Film Review: ‘Tangerine’

★★★★☆

An acerbically funny yet emotionally engaging film about friendship and the surprising alliances that arise in marginalised America, Sean Baker’s Tangerine (2015) is a riotously entertaining portrait of life on the streets of LA. Baker has cultivated something of a reputation for telling conventional stories about unconventional characters, from an illegal Chinese immigrant struggling to raise money to pay of his debt in Take Out to the moral conundrum faced by an aspiring porn actress in Starlet.

Tangerine is no different, focusing on the exploits of Sin Dee (Kitana Kiki Rodriguez) and her friend Alexandra (Mya Taylor), two trans-gender prostitutes working on Santa Monica Boulevard. It’s Christmas Eve, and Sin Dee has just been released from a 28-day prison stint for solicitation. Enjoying a celebratory snack at Donut Shop with her best friend Alexandra, Sin-Dee learns her pimp boyfriend, Chester (James Ransone), has been sleeping around with a ‘fish’ (a cisgender white female). Determined to find the culprit, Sin-Dee hits the streets, dragging the audience along with her on a voyage through Tinseltown’s red-light district. It’s a simple premise, but one that explodes from the blocks and never backs down.
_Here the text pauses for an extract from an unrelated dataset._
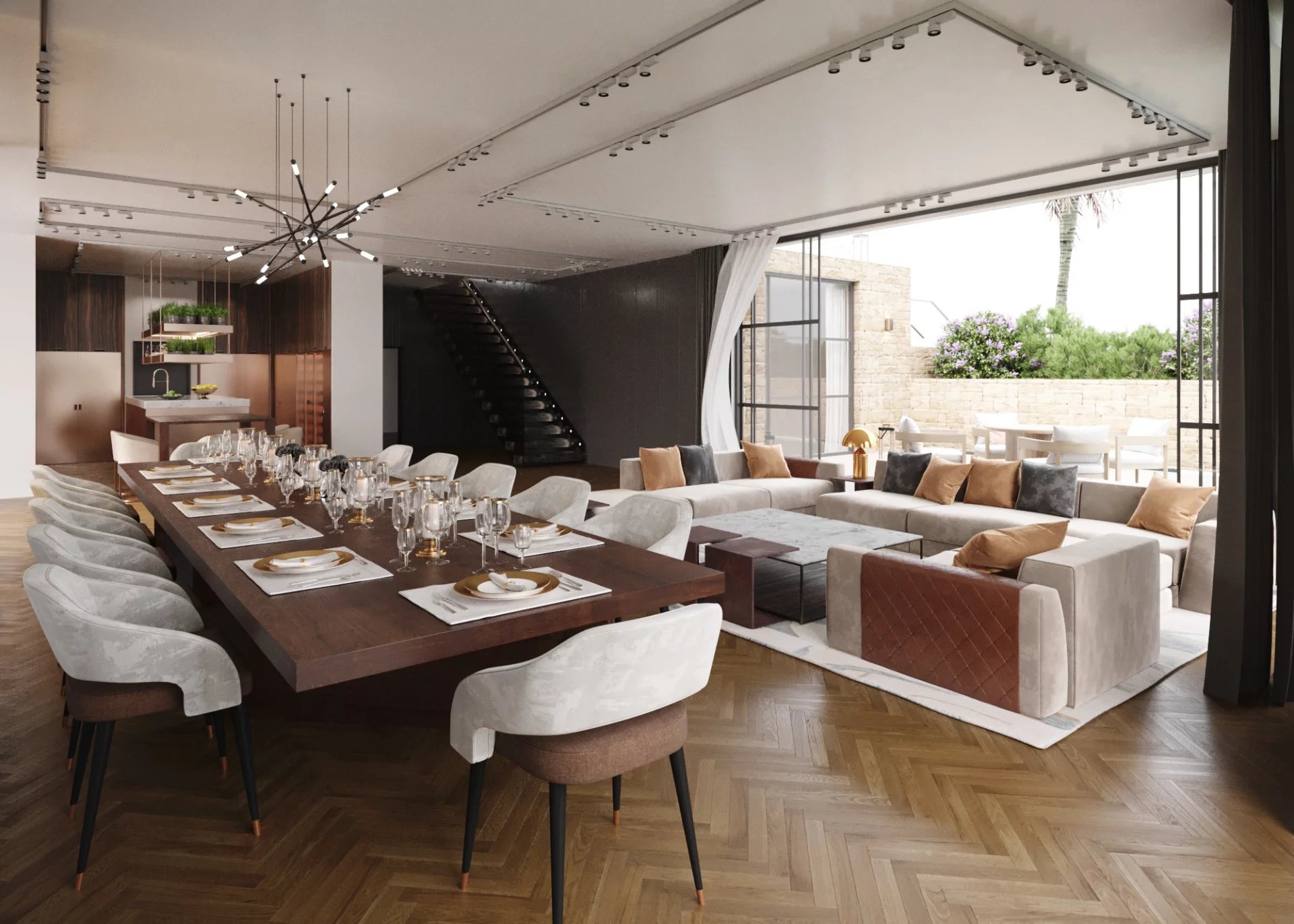 Die Villa verfügt über hochwertige Annehmlichkeiten, darunter einen Wellnessbereich mit Hamam und Whirlpool.

Baker shoots his cast with tremendous sympathy, never victimising or pitying them, while also managing to circumvent any accusations of anthropological fetishism. This intimacy was enabled by Baker’s decision to film on iPhones outfitted with anamorphic lens, although you’d never guess from the finished project. Shot in widescreen, Tangerine looks beautiful, and has clearly been edited and worked on in post-production by someone who appreciates the tactile qualities of celluloid, with each frame saturated with the energy and entropy of the streets; indeed LA has rarely looked this beautiful. Polanski once said that “Los Angeles is the most beautiful city in the world” before adding a slight addendum – “provided it’s seen at night, from a distance”.

Baker introduces a third character to give the story more depth, Razmik (Baker regular Karren Karagulian) an Armenian cab driver who’s also one of Sin-Dee and Alexandra’s regular customers. Whilst Sin-Dee acts as a passport to Tinseltown’s less glamorous neighbourhoods, Razmik’s cab gives us a chance to explore the city from a distance and allows the film to develop into a larger study of LA. Thanks to Hollywood, LA is often referred to as the world’s most photographed city, but by presenting us with a more representational depiction of its streets Baker allows the audience to look behind the cinematic caricature, an image he beautifully juxtaposes with the lives of his marginalised, and similarly misrepresented cast.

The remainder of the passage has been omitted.